* [Task instructions] An exact transcription of all the data is required, with every image removed.

* [Data shown]
^^^^
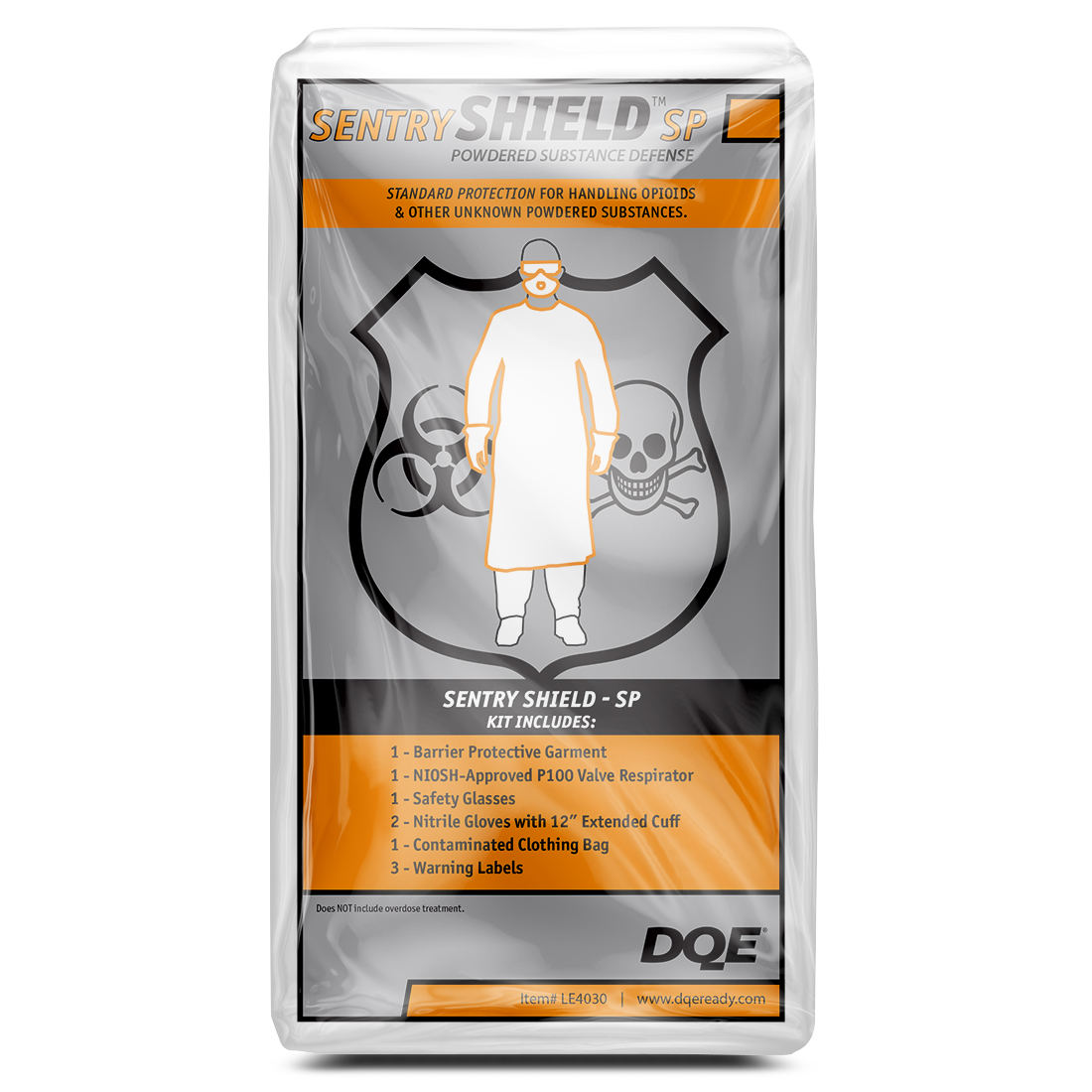 The Sentry Shield line of personal protective kits protects law enforcement officers and first responders from unknown powder substances that could be hazardous like fentanyl, carfentanil, or other powerful opioid-based substances. These personal protection kits range in coverage: Quick Protection (QP), Standard Protection (SP), and Extra Protection (EP) and are based on the severity of exposure levels responders may encounter.
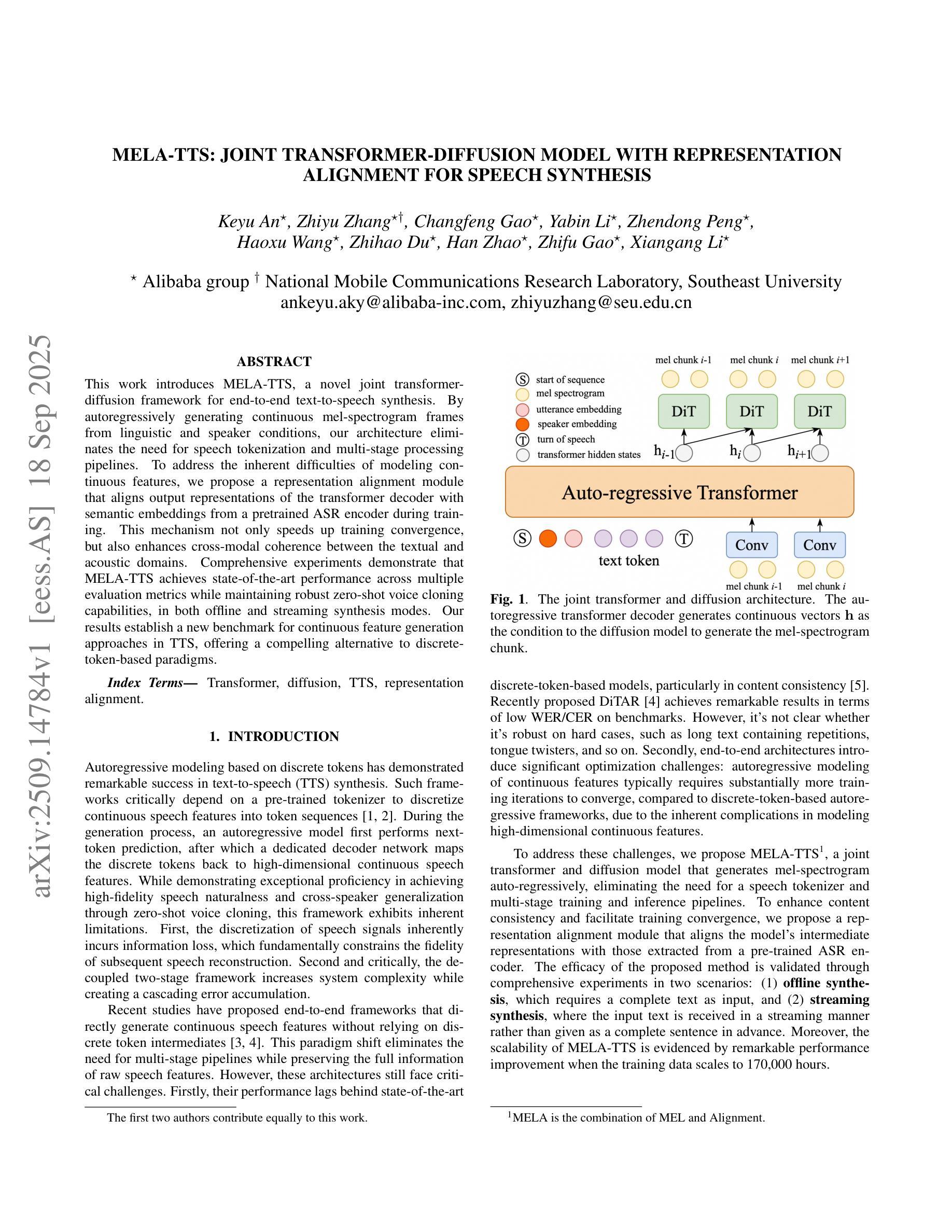 - MELA-TTS是一种新颖的联合transformer-diffusion框架,用于端到端的文本到语音合成。
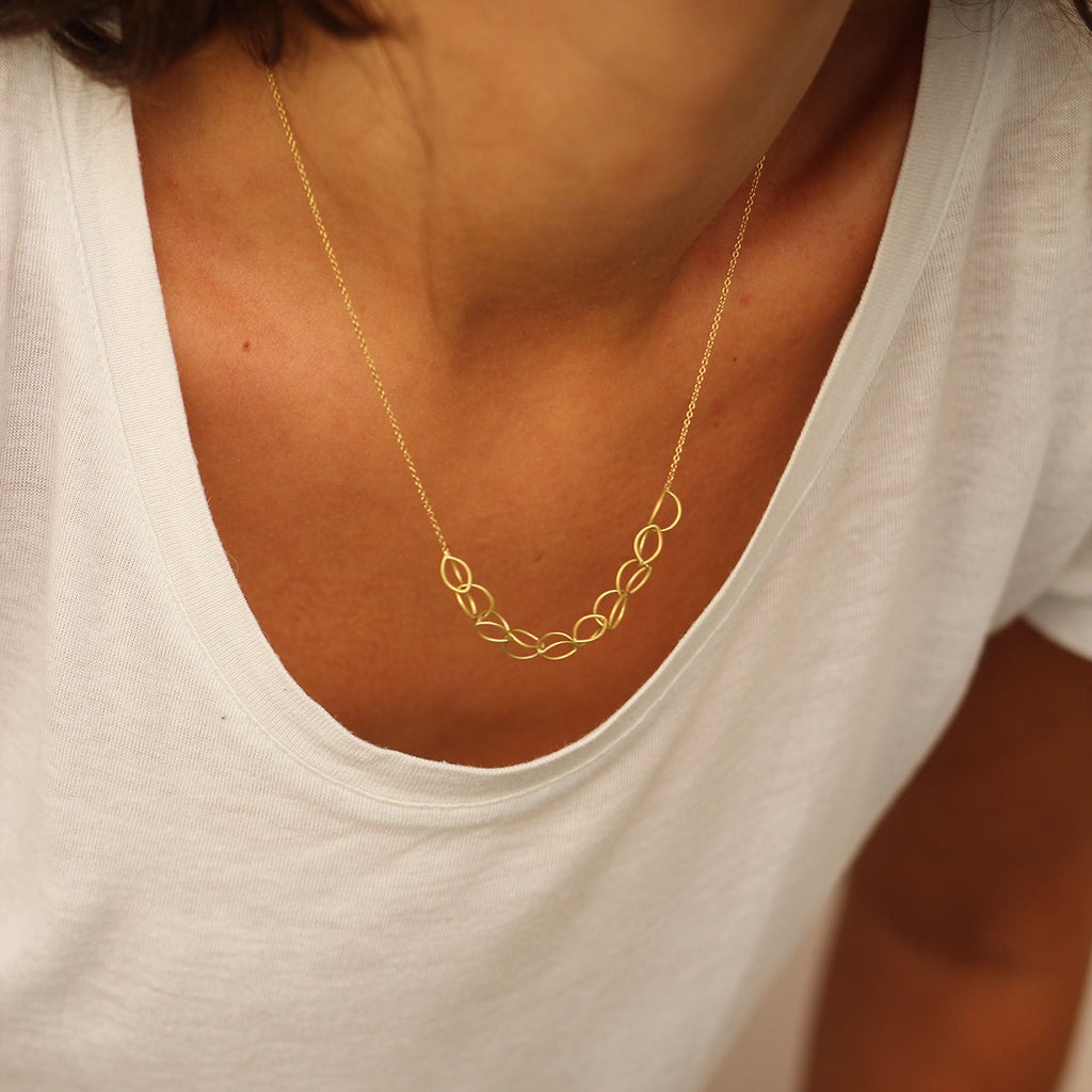 Elegant and simple, this iconic necklace is handcrafted from 18ct yellow gold with our signature brushed matte finish. Each link is made by hand and unique, as is the clasp. Perfectly complemented with matching earrings. This item is hallmarked and photographed on model in 18" length.
^^^^
* [Response box]
 The Sentry Shield line of personal protective kits protects law enforcement officers and first responders from unknown powder substances that could be hazardous like fentanyl, carfentanil, or other powerful opioid-based substances. These personal protection kits range in coverage: Quick Protection (QP), Standard Protection (SP), and Extra Protection (EP) and are based on the severity of exposure levels responders may encounter.
 - MELA-TTS是一种新颖的联合transformer-diffusion框架,用于端到端的文本到语音合成。
 Elegant and simple, this iconic necklace is handcrafted from 18ct yellow gold with our signature brushed matte finish. Each link is made by hand and unique, as is the clasp. Perfectly complemented with matching earrings. This item is hallmarked and photographed on model in 18" length.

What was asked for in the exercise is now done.